Elizabethtown – The Tartan

Elizabethtown talks

Our interview with director Cameron Crowe

Cameron Crowe has a few good movies under his belt, to say the least. His films have revolved around a high-powered sports agent, a teen tagging along behind a band, and a magazine owner who becomes trapped in a mask. Now he takes on something a little more down-to-earth. Almost.

Elizabethtown, Crowe’s next film, will hit the big screen this Friday. This story follows a slightly less exciting character than those in Jerry Maguire or Almost Famous. Orlando Bloom plays Drew Baylor, a failed shoe designer who returns to smalltown Kentucky after his father dies. Drew is suicidal after being fired and dumped almost simultaneously before he makes the trek home.
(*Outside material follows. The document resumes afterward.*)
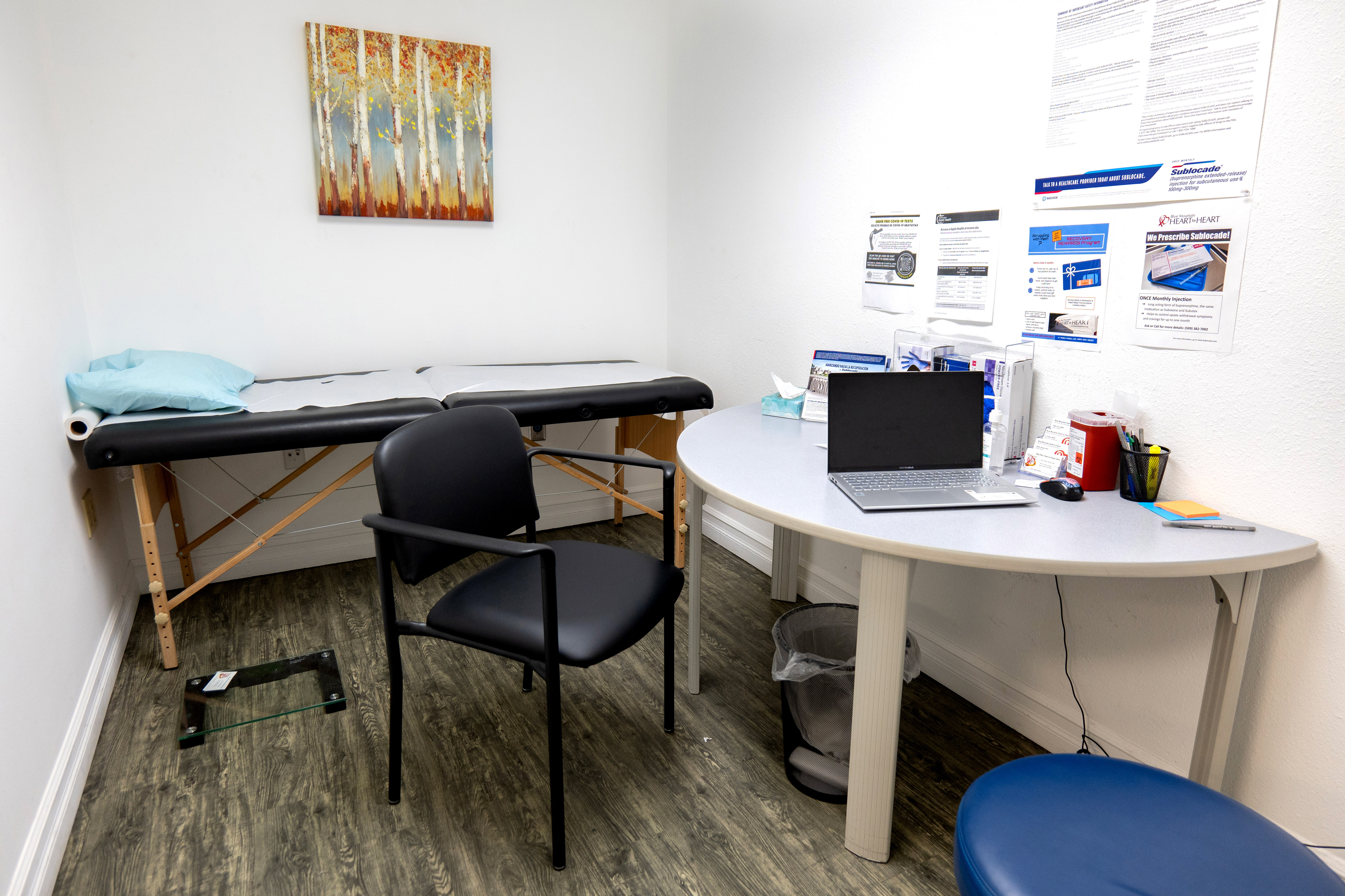 Interior of an exam room in a community health care clinic and syringe services program showing a chair and a table with a computer, educational posters on the wall, and folding cot used as a patient clinical exam bed with a paper cover and a pillow

Crowe is pretty familiar with the formula of young man with everything loses everything and finds love, peace along the road to recovery. Will it work for him again?
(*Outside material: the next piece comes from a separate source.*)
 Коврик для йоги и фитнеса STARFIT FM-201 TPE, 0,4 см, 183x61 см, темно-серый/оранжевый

The Tartan got a rare opportunity to join a number of other small publications in a conference-style interview of Crowe. Of course, we jumped at the chance to ask a few questions and hear about the upcoming film.

One thing that Crowe has become known for is the use of music in all of his films. Almost Famous revolved around music and the aspirations of a teen writer. Of the music in his work, Crowe said, “Loving music is constantly valuable to me.” He added that music played a special role in Elizabethtown. “Music sort of serves as the voice of the dead father … which gave voice to a dead character.”
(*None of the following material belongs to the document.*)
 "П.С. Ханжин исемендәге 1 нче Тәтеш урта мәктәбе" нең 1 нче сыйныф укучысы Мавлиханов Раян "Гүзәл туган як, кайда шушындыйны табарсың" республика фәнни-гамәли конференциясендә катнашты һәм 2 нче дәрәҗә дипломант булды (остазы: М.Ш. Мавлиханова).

Elizabethtown has a personal connection to Crowe. When Crowe was asked what inspired him to make the film, he replied, “Elizabethtown is a tribute to my dad and is somewhat of a love letter to his home state, Kentucky…. Generally the stuff that comes from your heart is the stuff that most people find is universally true.”

We also asked him about the overarching trend in his films: A young sensitive man experiences a fall from grace and then reconciles with it through love. He laughed and said, “Not my next one.” Crowe continued, “I look at it as a revisit to a character [who is] kind of a warrior for optimism. And I think that’s a hero, now…. I wanted to write a character like that one more time.”

But, we protested, Orlando Bloom has generally been cast with a sword or a bow, fighting and clubbing his way to the top , not as a sensitive shoe creator. Why did Cameron cast Bloom as Drew Baylor? “I liked that he was surprising in the way he dealt with some of those things like failure and feelings of suicide. I liked that he kind of masked the obvious side of that. [But] if you looked in his eyes, it was there…”

“He also worked well with the music I wanted to use,” Crowe added. “And I didn’t want to go with somebody who played a version of a young man in a quest for emotional depth before.”

Cameron Crowe has gotten a fair amount of recognition as a writer and director. After all, ‘Show me the money,’ a phrase from Jerry Maguire, was on everyone’s lips in the late ?90s.

Whether Elizabethtown will succeed or not with the general public is uncertain, but we predict Crowe’s good humor and passion for the personal elements in every story will shine through and carry him to more projects, even if the film flops.